A last minute theory could be that even though the files were deleted on disk, the older version was still running, and the installer “brought it to front” instead of starting a fresh copy of the app. (*nix systems like macOS don’t have problems with executable files being removed while they’re running, unlike on Windows)

Reply
Dreemore4 years ago

Ok but I do own a windows laptop too

Reply
Amos4 years ago

I’m not sure you and Nikki Nyx are having the same problem.

I’ve read your messages too, but I can’t figure out exactly what problem you’re having. A screenshot would help!

Reply
Dreemore4 years ago

ok

Reply
Nikki Nyx4 years ago

Ok, here's what I did...

Using AppCleaner, I double checked to make sure everything having to do with itch was deleted, including hidden files.

I rebooted, then downloaded a fresh copy of the itch install app. The package contents:

(executable) Install itch.app
     (folder) Contents
          (folder) _CodeSignature
               (file) CodeResources
     (file) Info.plist
     (folder) MacOS
          (executable) itch-setup
     (folder) Resources
          (resource) itch.icns

I double clicked on "Install itch.app" and a popup window entitled "Itch Setup" appeared and started DL'ing and installing. The itch app's window appeared, asking me to login. I tried using my email then my user name, and got the same error message both times:

Post https://api.itch.io/login: x509: certificate signed by unknown authority

Like I said, the only thing I've done since accessing the itch app last is update Java.

Reply
Amos4 years ago

Thanks for the detailed update.

I’m officially out of ideas, seeing as: everything works for me on that same macOS version, and: someone who used to have the x509 error with previous butler versions no longer has it since the update.

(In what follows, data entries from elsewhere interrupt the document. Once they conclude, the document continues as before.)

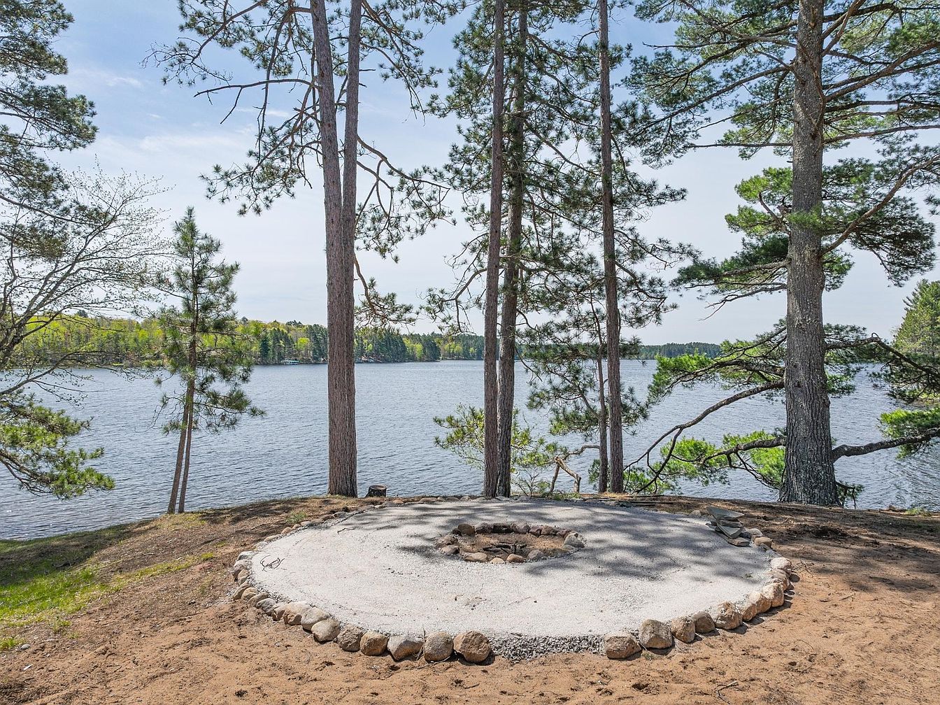 This serene outdoor spot features a circular fire pit bordered by natural stones, situated on a sandy patch that gently slopes toward a peaceful lake. Tall pine trees frame the space, creating a natural canopy and offering partial shade. The lake beyond provides an expansive water view with a lush tree line on the horizon, enhancing the tranquil wilderness vibe. The area feels perfect for gathering around the fire to enjoy evenings amidst nature. The combination of earthy textures, from sandy soil to rough bark, complements the calm, open sky and water backdrop.
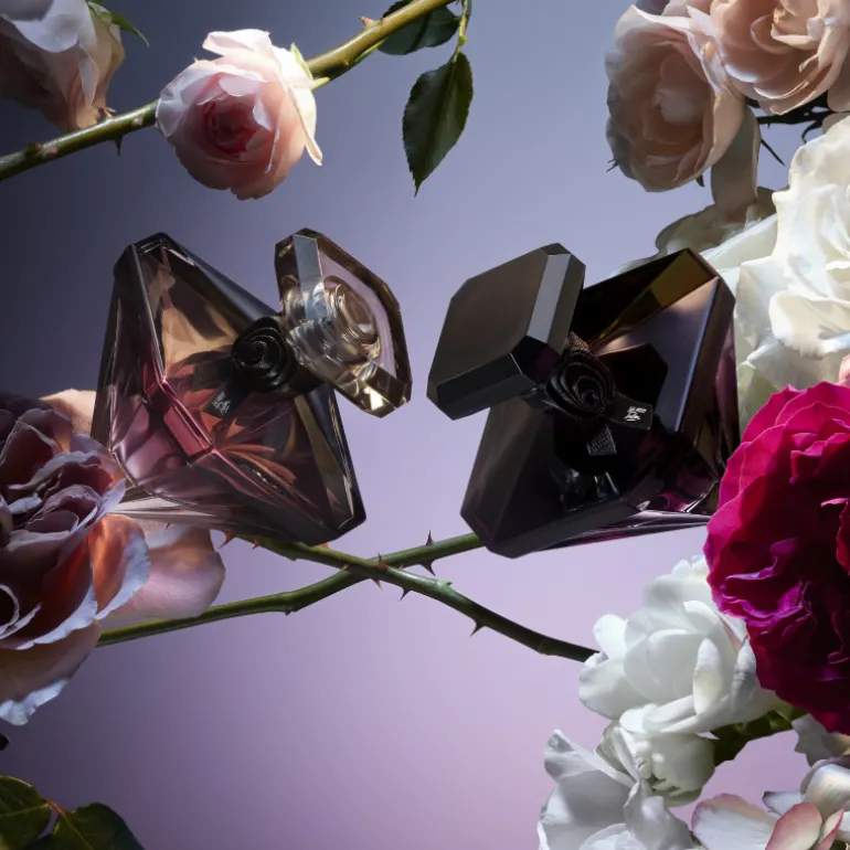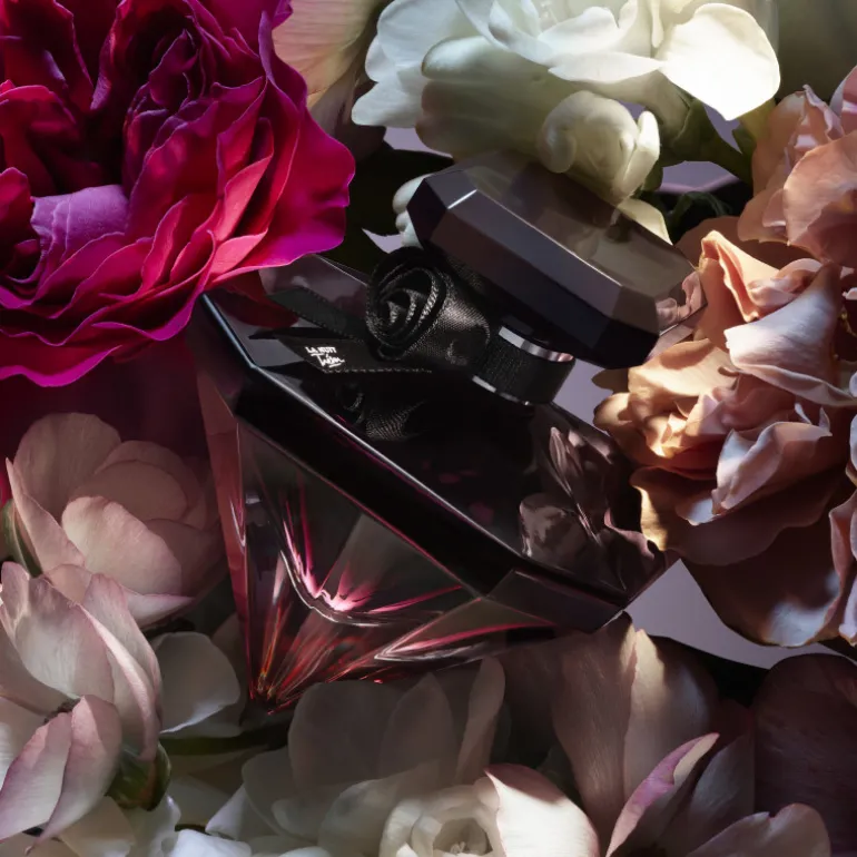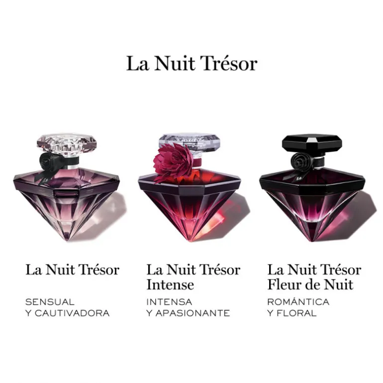 Las hipnotizantes notas florales de La Nuit Trésor Fleur de Nuit se encapsulan en nuestro icónico frasco diamante, revestido de un irresistible halo nocturno, el más oscuro jamás fabricado.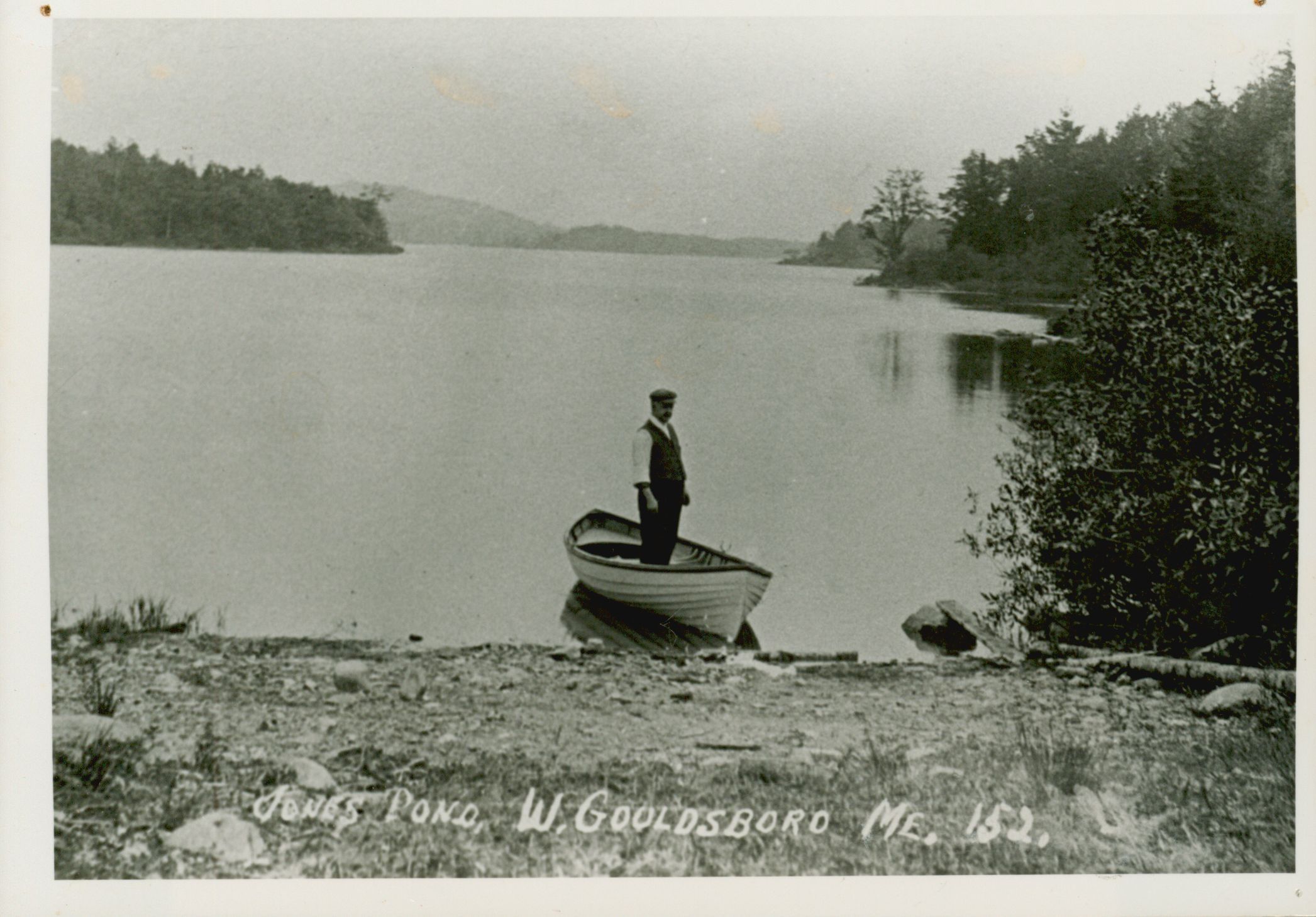 Man in boat on Jones Pond, West Gouldsboro ME. 152.Entry/Object ID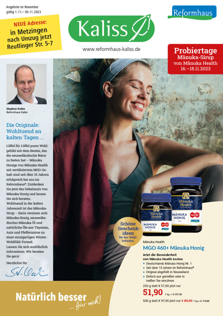 Bunter Herbst mit den Originalen von Manuka Health Die November Highlights im Reformhaus Kaliss! Der November hat Einzug gehalten, und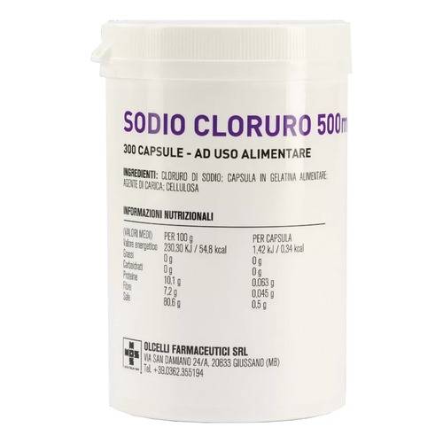 Sodio Cloruro 0,5 g (500 mg)Descrizione Integratore alimentare a base di sodio cloruro. Ingredienti Cloruro di sodio; capsula in gelatina alimentare; agente di carica; cellulosa; colorante; biossido di titanio. Caratteristiche nutrizionali Valori medi per 100 g per capsula Valore energetico 230,30 KJ / 54,8 kcal 1,42 kJ / 0,34 kcal Grassi 0 g 0 g Carboidrati 0 g 0 g Proteine 10,1 g 0,063 g Fibre 7,2 g 0,045 g Sale 80,6 g 0,5 g Conservazione Proteggere da luce e calore. Validità a confezionamento integro: 36 mesi. Formato Barattolo da 300 capsule da 0.62g (620mg) ad uso alimentare. Ogni capsula contiene 0.5g (500...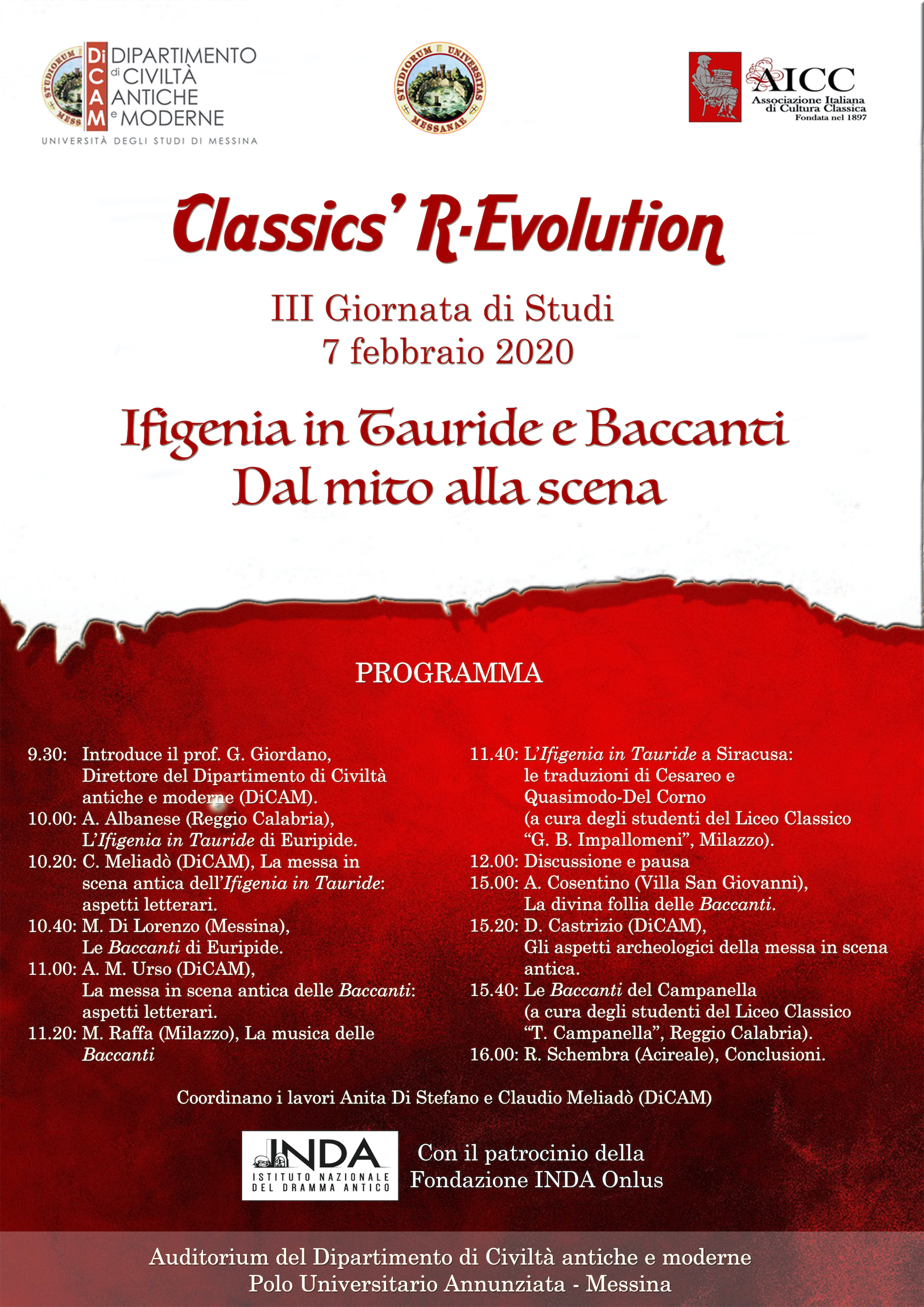 La Giornata di Studi, coordinata dai proff. Anita Di Stefano e Claudio Meliadò, vede la partecipazione come relatori di studenti e docenti della scuola superiore e di docenti universitari. L’incontro rientra nel percorso di lettura, promosso in collaborazione con varie delegazioni dell’Associazione italiana di Cultura Classica, che mira a indagare i testi classici, dalla loro creazione letteraria alle forme e alle motivazioni della loro fortuna antica e moderna, manifestata mediante iconografia, riprese, riscritture, filmografia, messa in scena.

My only idea would be to find the corresponding Root certificate and see if the trust settings are set to “Always trust” or “Custom”, see https://github.com/golang/go/issues/24652#issuecomment-378340252

Reply
Nikki Nyx4 years ago

I may have found the issue. But first...

I checked in Keychain and all certificates are set to "always trust". (I have no idea how to figure out which one of dozens of certificates is actually for itch.app, short of opening each one. Can you specify a certificate name?)

I then opened Terminal and typed in...

spctl -a -vvvv /Applications/itch.app

...which returned...

/Applications/itch.app: cannot find code object on disk

Upon searching for itch.app, I discovered that the itch installation program put it in ~/Applications, which has never happened before. It's always been put in /Applications. I tried again, typing the same command into Terminal with the correct directory, which returned...

/Users/NikkiNyx/Applications/itch.app: accepted
source=Developer ID
origin=Developer ID Application: Amos Wenger (B2N6FSRTPV)

...so it seems the certificate is valid. Yet I still get the same x509 error message on login.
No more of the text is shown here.